### SUPPLIED DATA
__________________________________________________

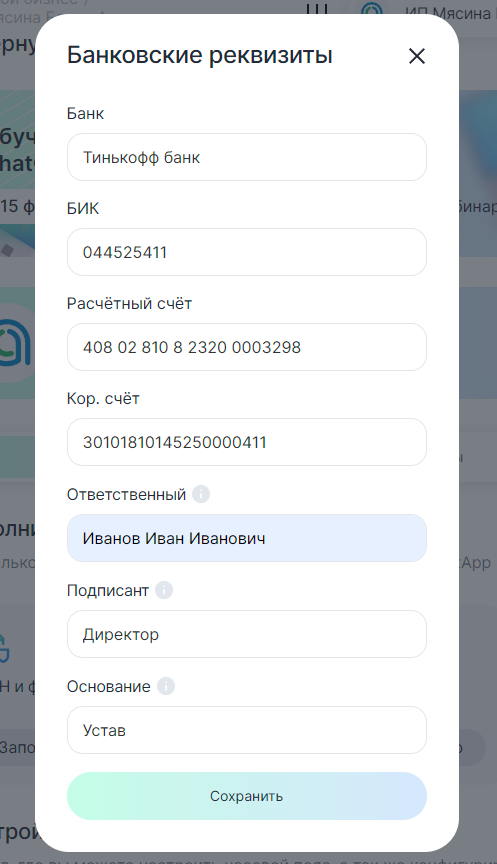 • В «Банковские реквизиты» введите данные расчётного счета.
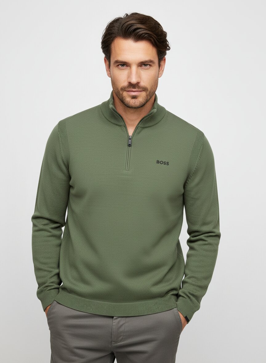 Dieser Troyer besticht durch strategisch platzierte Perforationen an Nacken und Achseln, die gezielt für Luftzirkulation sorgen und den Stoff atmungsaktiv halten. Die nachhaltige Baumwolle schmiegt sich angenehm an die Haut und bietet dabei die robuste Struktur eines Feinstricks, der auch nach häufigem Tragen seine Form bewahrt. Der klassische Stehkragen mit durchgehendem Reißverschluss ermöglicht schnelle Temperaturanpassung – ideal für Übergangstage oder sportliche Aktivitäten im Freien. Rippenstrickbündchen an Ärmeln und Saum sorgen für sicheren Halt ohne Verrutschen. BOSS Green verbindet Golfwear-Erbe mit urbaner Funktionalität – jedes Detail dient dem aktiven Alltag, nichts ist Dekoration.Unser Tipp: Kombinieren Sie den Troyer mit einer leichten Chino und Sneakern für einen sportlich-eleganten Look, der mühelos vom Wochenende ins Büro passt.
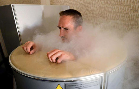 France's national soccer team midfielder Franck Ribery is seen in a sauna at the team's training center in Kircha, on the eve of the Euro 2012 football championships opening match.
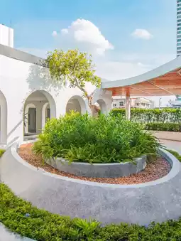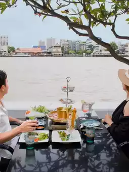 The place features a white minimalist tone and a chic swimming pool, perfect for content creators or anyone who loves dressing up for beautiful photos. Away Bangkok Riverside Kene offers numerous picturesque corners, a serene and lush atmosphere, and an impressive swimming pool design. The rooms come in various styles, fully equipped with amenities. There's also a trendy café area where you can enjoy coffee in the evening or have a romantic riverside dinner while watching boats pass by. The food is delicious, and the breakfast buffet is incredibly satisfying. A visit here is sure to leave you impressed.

__________________________________________________

### TASK DIRECTIONS
With pictures left out, transcribe each line from the one containing "Dieser Troyer besticht" through the end of the data, both ends included.

### RESPONSE
 Dieser Troyer besticht durch strategisch platzierte Perforationen an Nacken und Achseln, die gezielt für Luftzirkulation sorgen und den Stoff atmungsaktiv halten. Die nachhaltige Baumwolle schmiegt sich angenehm an die Haut und bietet dabei die robuste Struktur eines Feinstricks, der auch nach häufigem Tragen seine Form bewahrt. Der klassische Stehkragen mit durchgehendem Reißverschluss ermöglicht schnelle Temperaturanpassung – ideal für Übergangstage oder sportliche Aktivitäten im Freien. Rippenstrickbündchen an Ärmeln und Saum sorgen für sicheren Halt ohne Verrutschen. BOSS Green verbindet Golfwear-Erbe mit urbaner Funktionalität – jedes Detail dient dem aktiven Alltag, nichts ist Dekoration.Unser Tipp: Kombinieren Sie den Troyer mit einer leichten Chino und Sneakern für einen sportlich-eleganten Look, der mühelos vom Wochenende ins Büro passt.
 France's national soccer team midfielder Franck Ribery is seen in a sauna at the team's training center in Kircha, on the eve of the Euro 2012 football championships opening match.
 The place features a white minimalist tone and a chic swimming pool, perfect for content creators or anyone who loves dressing up for beautiful photos. Away Bangkok Riverside Kene offers numerous picturesque corners, a serene and lush atmosphere, and an impressive swimming pool design. The rooms come in various styles, fully equipped with amenities. There's also a trendy café area where you can enjoy coffee in the evening or have a romantic riverside dinner while watching boats pass by. The food is delicious, and the breakfast buffet is incredibly satisfying. A visit here is sure to leave you impressed.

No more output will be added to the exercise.